Technology In Films: A Look Through The Ages

Prof P. J. Narayanan, Director, IIITH walks  through the technological developments that have taken place over the last few decades in the movie making process while giving us a glimpse of what is yet to come.  

author-image
CIOL Bureau
New Update
Tech in Films
We’ve witnessed a digital transformation in almost every aspect of life, like the way digital transactions in the monetary world have replaced cash, the filmmaking world is no different. There too, we moved from the analog tothe digital world. One no longer carries boxes of reels to theatres for screening; content is unlocked perhaps by a password and streamed via the click of a button. In this way, movies have been transformed albeit with the ultimate goal of entertaining people. From the first commercial movie created by the Lumiere brothers in 1895 to the first entirely computer-animated film, The Toy Story in 1995 (a good 100 years later), we now have a whole spectrum of things such as live action, VFX, CGI, some digital content mixed with actual footage and so on.
Today’s movies are way more sophisticated in terms of graphics and other effects than what was possible in 1995. Interestingly, when these films started coming, the technologists thought that they would make all the movies and that there was no need for directors and other creative folks. However, in the end movies are all about the stories and the creativity involved and not about the graphics or the visual effects. While the latter may attract some people for some time, it’s essential to attract all the people all of the time. So fundamentally movies are about the stories they tell. Good visuals of course enhance the impact while bad visuals can detract from the impact.

Plot Matters

If you look at Pixar, Disney, DreamWorks Inc, and others, not every movie they made became fully digital. They instead went for movies with strong and unusual storylines that tell you about yourself in ways that you cannot ina real movie. Take the movie Inside Out for example. It’s so beautiful where you analyse and visualise emotions. You can’t make that movie with real actors and a real camera. Avatar and Avatar 2 tried to move such movies into the human world but it was still very much a make-believe world because it’s difficult to make such movies with people who look like you. There is a big technological gap between the technology that computer graphics uses to generate these visuals and what can be shot with a good camera. That’s one reason why 3D movies come back every few years because you can attract few more people to the theatres with a novelty factor. But if the storyline is bad or not gripping enough, the movie is not going to succeed just because there is this 3D stereoscopy.

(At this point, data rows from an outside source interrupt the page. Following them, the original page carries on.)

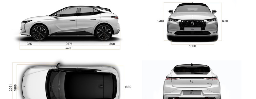 La nuova DS 4 2021 presenta dimensioni perfettamente in linea con quelle delle berline di segmento C, con una lunghezza di 4.400 mm, una larghezza di 1.830 mm e un'altezza di 1.470 mm. Il bagagliaio della nuova DS 4 2021 è tra i più ampi della categoria, grazie ad una capacità minima di 430 litri, accessibili tramite un portellone ad apertura elettrica senza mani.
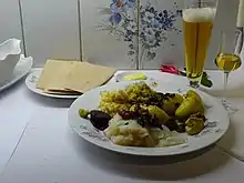Lutefisk is prepared as a seafood dish of several Nordic countries. It is traditionally part of the Christmas feasts Norwegian julebord, Swedish julbord, and Finnish joulupöytä.[2]
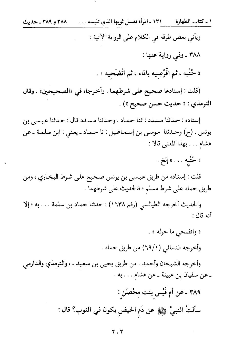 " حُتِّيه، ثم اقْرُصِيه بالماء، ثم انْضَحِيه".
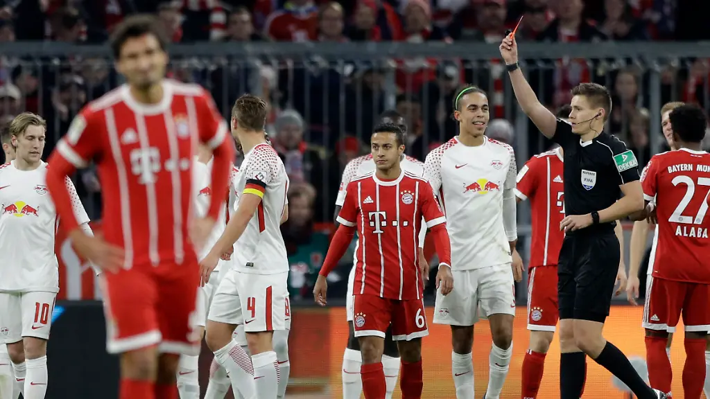 Bei den Bayern machten sich die drei Startelf-Änderungen von Jupp Heynckes bezahlt. Neben dem starken James bildeten Javi Martínez und Sebastian Rudy ein überzeugendes Mittelfeld-Duo. Rudy war auch der Initiator für den Platzverweis. Nach seinem Pass in die RB-Deckung kreuzte Orban den Laufweg von Robben, der sofort zu Boden ging. Schiedsrichter Siebert entschied zunächst auf Gelb, nach Videobeweis dann aber auf Rot und sorgte früh für einen heftigen Dämpfer bei den Gästen.
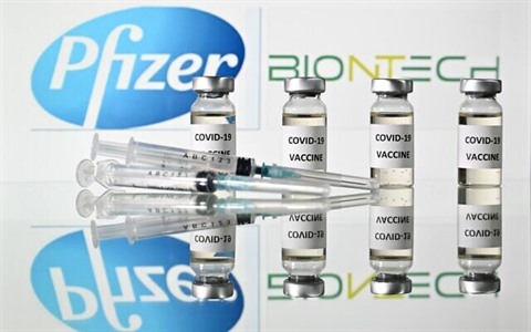 | Des flacons de vaccins anti-COVID-19 et des seringues avec le logo de la firme pharmaceutique américaine Pfizer et de son partenaire allemand BioNTech, le 17 novembre. |
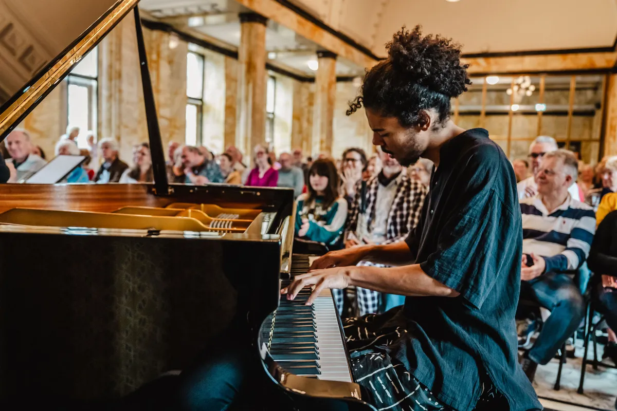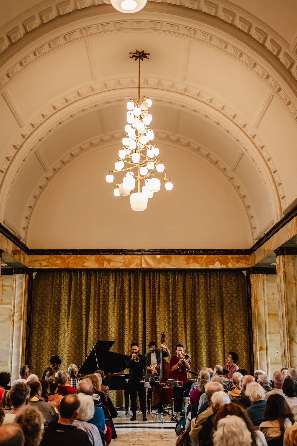 Waar Daahoud Salim op de zondag klassiek werk in zijn eentje vertolkte, knalt de Burgerzaal deze maandag bijna uit zijn voegen wanneer hij met zijn kwintet begint te spelen. Salim zit achter zijn vleugel en wordt geassisteerd door contrabas, drums, trombone en trompet. De akoestiek is tussen dat marmer om te janken, maar het Daahoud Salim Kwintet houdt zich kranig overeind in de galmbak. Vooral de drum, die kraakhelder in zijn articulatie weet te blijven, verdient hierin een compliment. Er is niet eens ruimte voor eventuele tranen van verdriet - dit is jazz van wereldniveau om bij te janken van geluk.
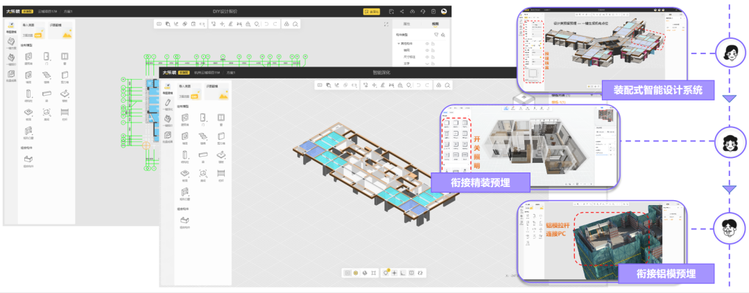 保利发展控股AIGC设计系统内置“一城一策”、标准专家做法、标准构件库等,AI一键应用,且数据智联供应链系统;数字化管控强,质量可控,PC成本降低了10%以上,设计效率提高了5倍以上。
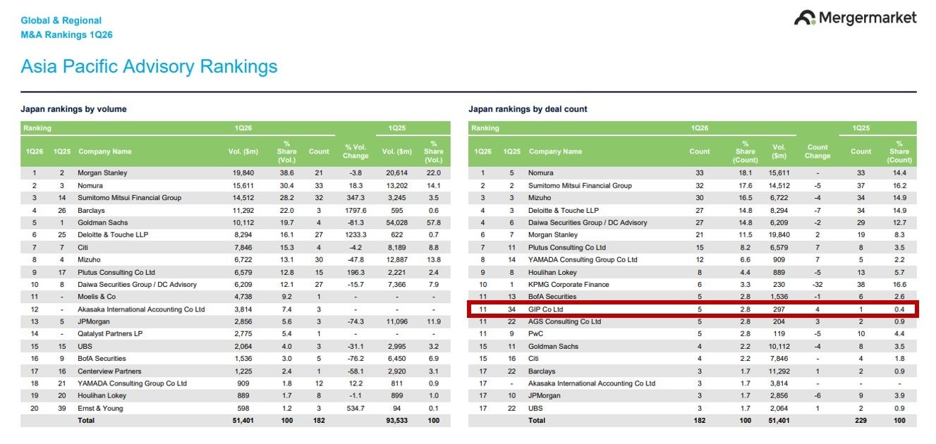 GIP株式会社(本社:東京都千代田区、以下GIP)は、M&Aデータを提供するインテリジェンスプロバイダーのMergermarketが発表した2026年第1四半期(1月〜3月)のM&Aリーグテーブルにおいて、案件数ベースで11位にランクインいたしました。

Computer Graphics vs. Computer Vision

As far as technologies go, we have computer vision and computer graphics related to movies. The two are sort of complimentary to each other. Computer vision is about taking a photograph of this room and telling how many people are in the room, what they are doing, what kind of clothes they are wearing – the kind of questions that humans would have about a scene. To answer these questions, computer vision needs to reduce the level of detail to an extent. While facial hair and wrinkles are real, computer vision would like to wish away those things because fine details can hinder recognition. Computer graphics on the other hand has a reverse problem. It generates realistic images of a virtual world represented in a computer. It has had 50-60 years of a long history. Those of you familiar with computer games will know that games have very good graphics but lack the realism that a camera can capture. Broad details and a cartoonish feel is very easy to generate. The fine details require a lot of work.
A while ago, I was in conversation with Edwin Catmul, the former President of Pixar for ACM India about the process of making movies in Pixar. He said it’s very tedious; movies like Soul and Elio are more expensive to create and produce today and take more time rather than less. The Creative Directors need to get the details just right and getting it right takes a lot of effort, manual tweaking of the graphic system. There are open source low-end tools but at the same time there are sophisticated ones that can manipulate and create the required effects. But in the end, the process remains tedious.

Image-based Modelling

How does one automate the process of graphics creation? The computer vision folks were already in the game a long time ago. It began with trying to create a 3D model out of an image of a real object, say a toy or an image ofa room. Back in 1995, I was part of a project where we created a studio by mounting 51 cameras on a dome. These 51 B&W regular industry-grade cameras were connected to 51 VCRs. One of the hardest problems was using the remote in such a way that all the cameras would turn on or off. Each tape had to then be taken out and digitised frame by frame and then perform the actual computer vision processing. We spent 2-3 years to build something that had not been done before – crude 3D models generated out of the computer vision system of 1995 where possibilities were endless. This was done for 3 person basketball. But the original players could be placed in any other setting, the basketball match could be watched from any seat in the stadium, from any point of view and so on.
There were 7-8 research groups in the world that started setting up similar studios. Cameras developed better algorithms and researchers got better ideas too. In 2016, Microsoft Research unveiled Fusion 4D which made possible real time capture of challenging scenes and their playback. Twenty years later, it is possible to fuse characters from two different virtual worlds. And this sort of a multi-view Kinect capture setup has been done inexpensively in one of our own labs. Kinect was a motion-sensing input device released by Microsoft in 2010. The devices generally contained RGB cameras, and infrared projectors and detectors that could map depth through either structured light or time of flight calculations, which was in turn used to perform real-time gesture recognition and body skeletal detection, among other capabilities. They also contained microphones that could be used for speech recognition and voice control.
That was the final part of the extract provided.